[Start of Attachment]
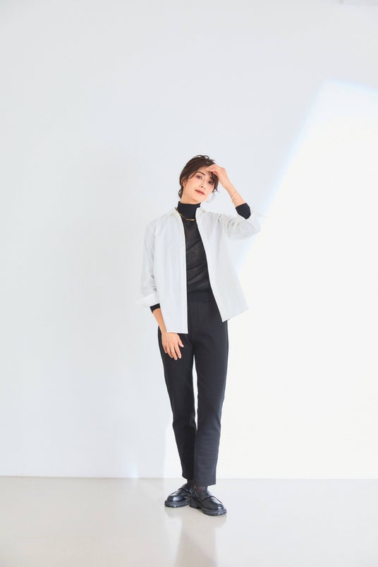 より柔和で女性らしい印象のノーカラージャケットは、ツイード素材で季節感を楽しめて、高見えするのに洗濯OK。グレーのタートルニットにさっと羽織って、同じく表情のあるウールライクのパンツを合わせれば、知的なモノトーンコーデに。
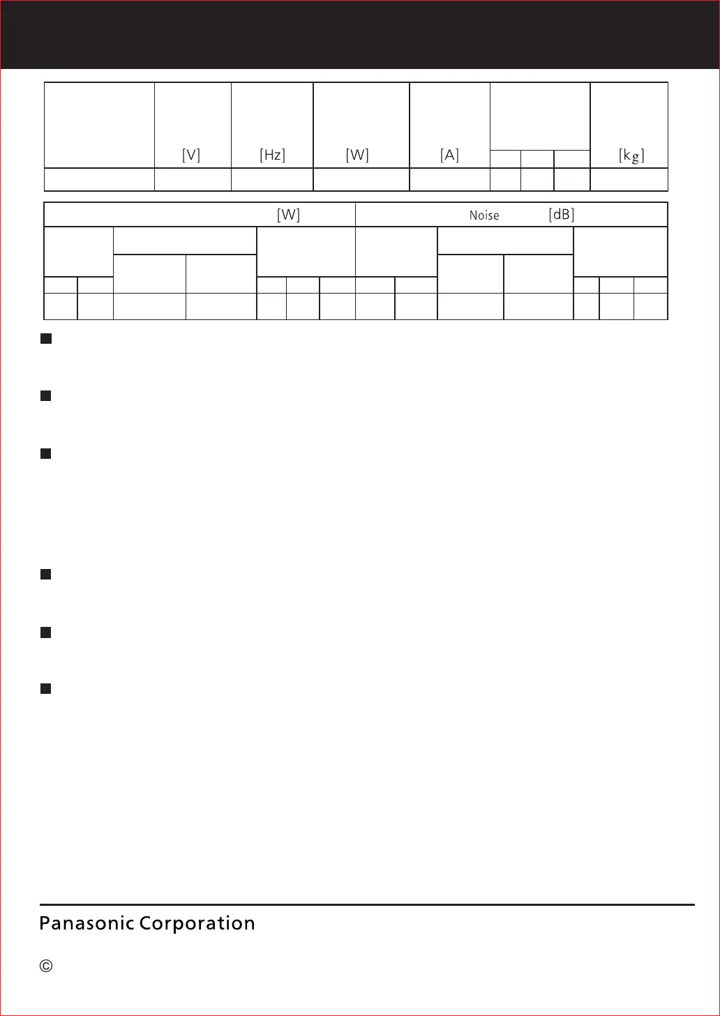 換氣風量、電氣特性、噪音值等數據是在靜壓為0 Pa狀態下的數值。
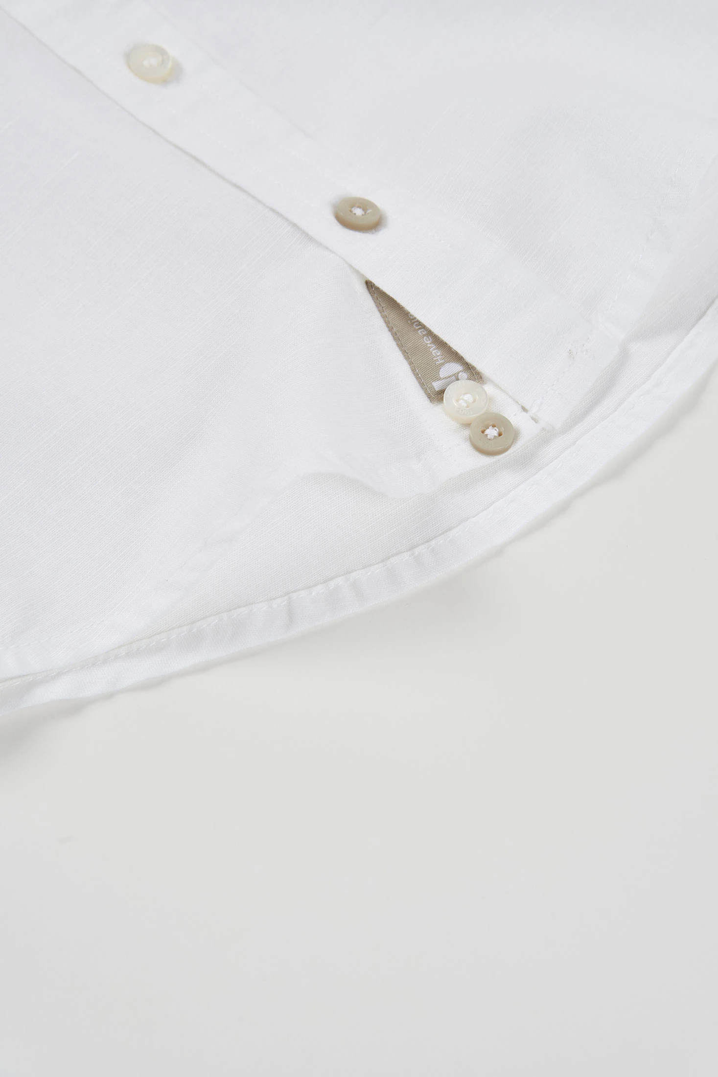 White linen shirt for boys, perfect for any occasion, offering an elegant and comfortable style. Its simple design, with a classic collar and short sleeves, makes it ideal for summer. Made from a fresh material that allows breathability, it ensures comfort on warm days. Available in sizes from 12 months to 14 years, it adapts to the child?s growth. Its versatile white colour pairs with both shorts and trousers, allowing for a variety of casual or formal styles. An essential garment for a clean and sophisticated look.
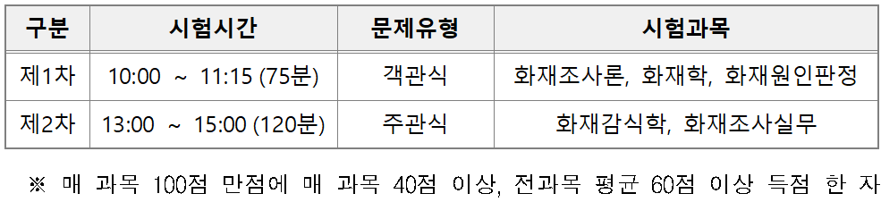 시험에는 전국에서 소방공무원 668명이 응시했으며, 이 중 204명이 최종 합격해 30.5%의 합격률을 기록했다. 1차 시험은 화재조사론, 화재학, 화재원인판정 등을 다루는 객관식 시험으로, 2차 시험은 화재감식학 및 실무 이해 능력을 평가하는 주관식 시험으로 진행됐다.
[End of Attachment]
With the pictures left out, return the listing above exactly as it stands.

*EXERCISE SOLUTION:*
 より柔和で女性らしい印象のノーカラージャケットは、ツイード素材で季節感を楽しめて、高見えするのに洗濯OK。グレーのタートルニットにさっと羽織って、同じく表情のあるウールライクのパンツを合わせれば、知的なモノトーンコーデに。
 換氣風量、電氣特性、噪音值等數據是在靜壓為0 Pa狀態下的數值。
 White linen shirt for boys, perfect for any occasion, offering an elegant and comfortable style. Its simple design, with a classic collar and short sleeves, makes it ideal for summer. Made from a fresh material that allows breathability, it ensures comfort on warm days. Available in sizes from 12 months to 14 years, it adapts to the child?s growth. Its versatile white colour pairs with both shorts and trousers, allowing for a variety of casual or formal styles. An essential garment for a clean and sophisticated look.
 시험에는 전국에서 소방공무원 668명이 응시했으며, 이 중 204명이 최종 합격해 30.5%의 합격률을 기록했다. 1차 시험은 화재조사론, 화재학, 화재원인판정 등을 다루는 객관식 시험으로, 2차 시험은 화재감식학 및 실무 이해 능력을 평가하는 주관식 시험으로 진행됐다.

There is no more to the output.